When something grows exponentially, its value at each step is the same constant factor times its value at the previous step. 1, 2, 4, 8, 16 is an example in which the constant factor (the “power”) is 2. To say that a quantity “grows exponentially” is just to say that its growth over time has this particular quality: a constant *ratio* of change. Where the power involved is greater than 1, not only does the quantity itself grow without limit, the rate of growth grows without limit, as does the rate of growth of the rate of growth, and so on. If the power is significantly greater than 1, the quantity becomes enormous remarkably quickly.

This association of “exponential” with explosive growth leads people to say—incorrectly and annoyingly—that any sudden or dramatic growth is “exponential.” The usage is bothersome in multiple ways. First, not all exponential growth is rapid at first. Where the exponent is just barely greater than 1—let us say, for example, 1.0000001—the quantity involved will grow quite slowly for quite some time. Second, where you have only two data points (small before and large after), almost any function works just as well as an exponential function. You could call it “logarithmic growth” or “quadratic growth” or “sinusoidal growth” and be just as accurate.

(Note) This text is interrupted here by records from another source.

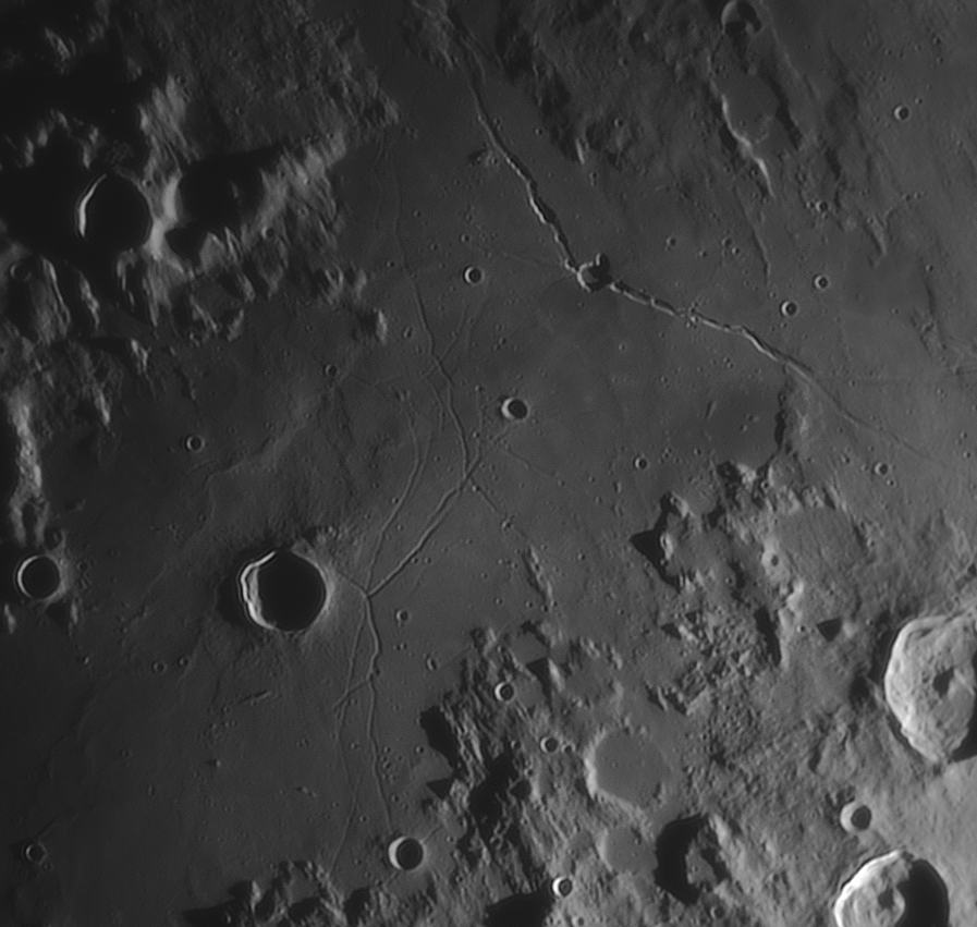 Als ich aufgrund der Wetteraussichten schon alle Hoffnungen schwinden sah, im zeitigen Frühjahr die große Höhe des Halbmondes über dem Horizont für Mondaufnahmen nutzen zu können, zeigte sich überraschenderweise zu Beginn der Dämmerung eine Lücke in der Wolkendecke, die ich kurzentschlossen nutzte. Bereits die erste Aufnahme bescherte mir die vollständige Darstellung der Rimae Triesnecker. Ein glückliches Zusammentreffen günstiger Umstände.
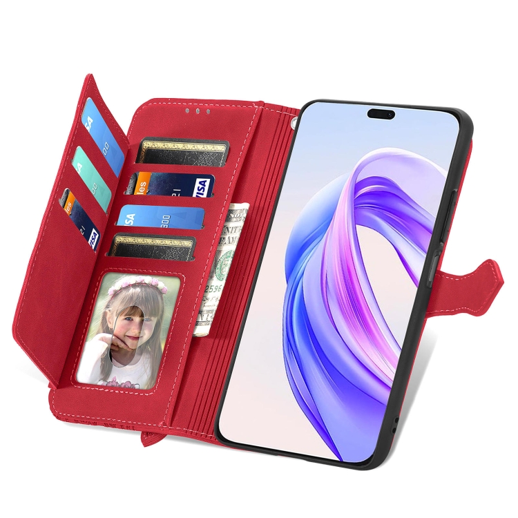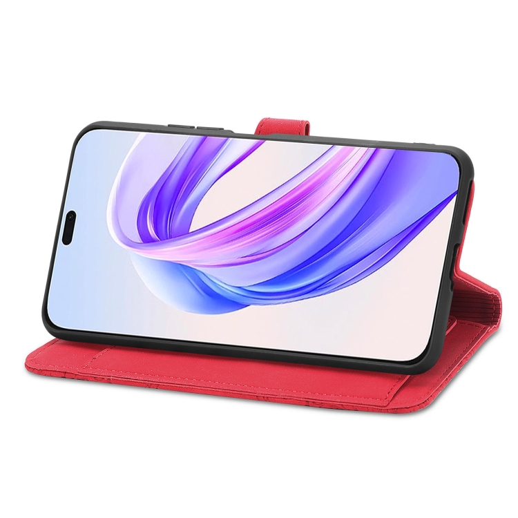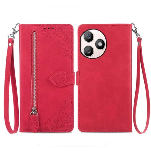 Funda para Honor X50I de Cuero con Cremallera y Flores en Relieve (Rojo)
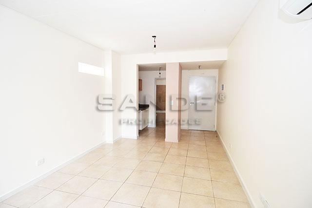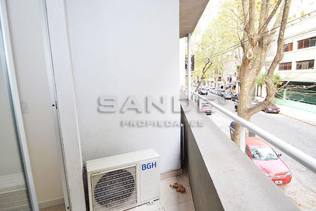 Kitnet de 1 ambiente, de frente para a rua, com varanda, em Almagro. Possui kitchenette, banheiro completo, ar-condicionado e pisos cerâmicos. Inclui lavanderia no prédio e foi recém-pintado. É permitido uso profissional.
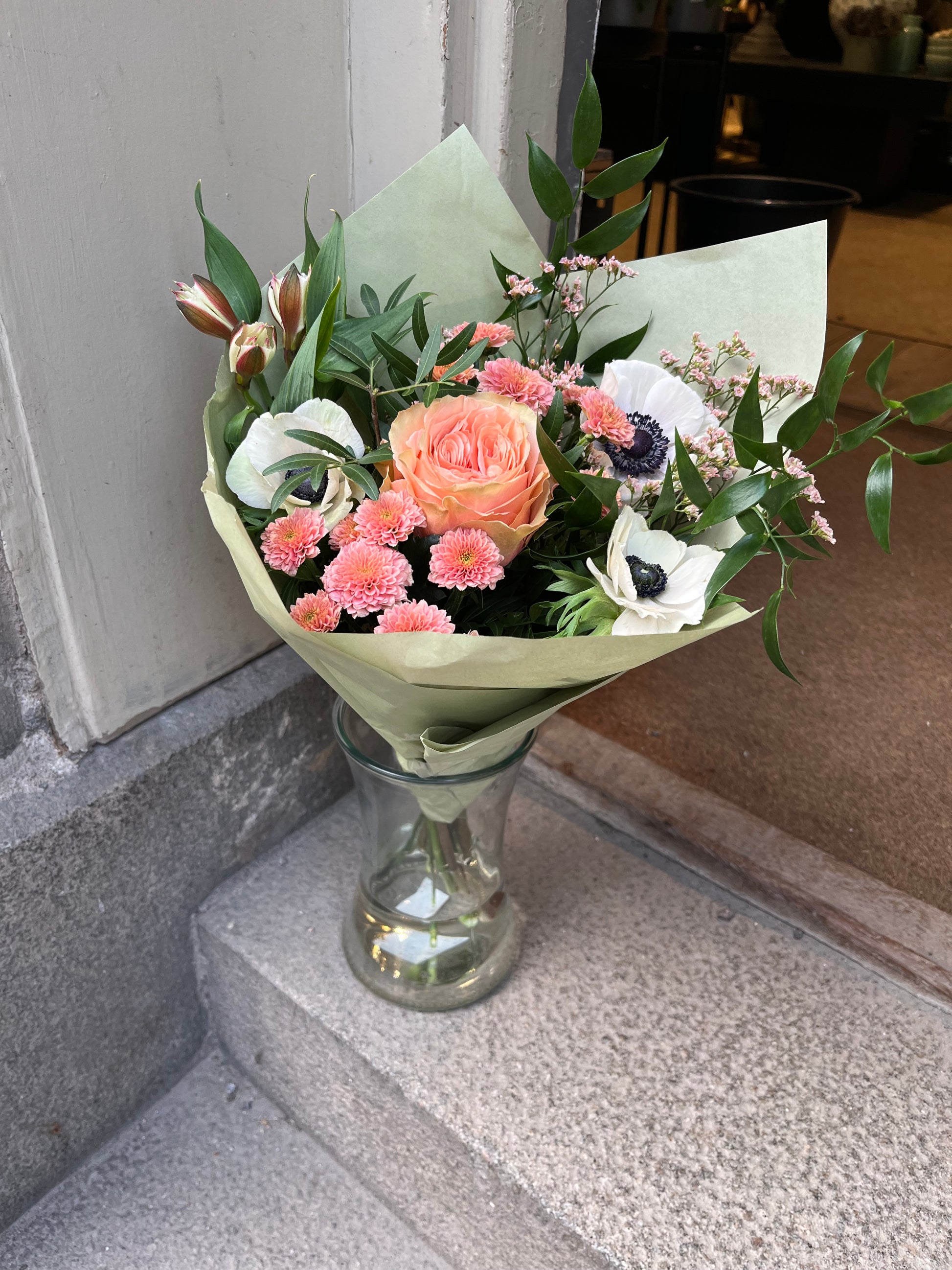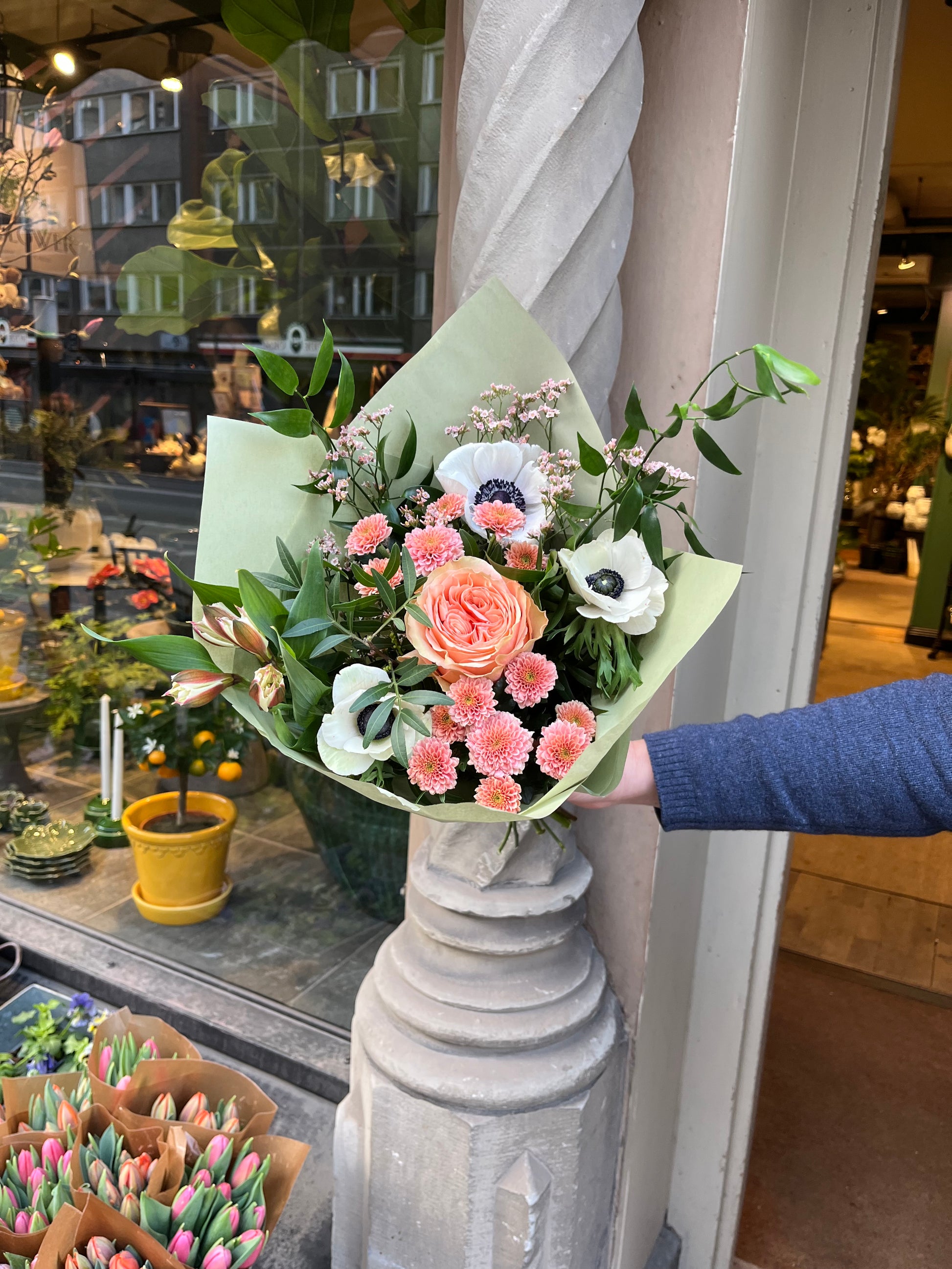 Handbunden i vår butik på Södermalm med säsongens finaste blommor.

Calling it any of these names misses the point that you don’t have enough information to determine the mathematical quality of the growth.

If you have a series of values that are approximated by an exponential curve, then by all means, go ahead and refer to the “exponential growth.” (And if you have a curve that grows exponentially backwards in time, call it “exponential decay.”) But if all you have is a sharp increase, find a name for it that doesn’t already have a precise mathematical meaning. “Sudden and dramatic growth” is perfectly fine, as is referring to an “x percent increase” for some impressively large value of x But please do not perpetuate the bad habit of referring to every increase as “exponential.” Not all crunches are sickening; not all growth is exponential.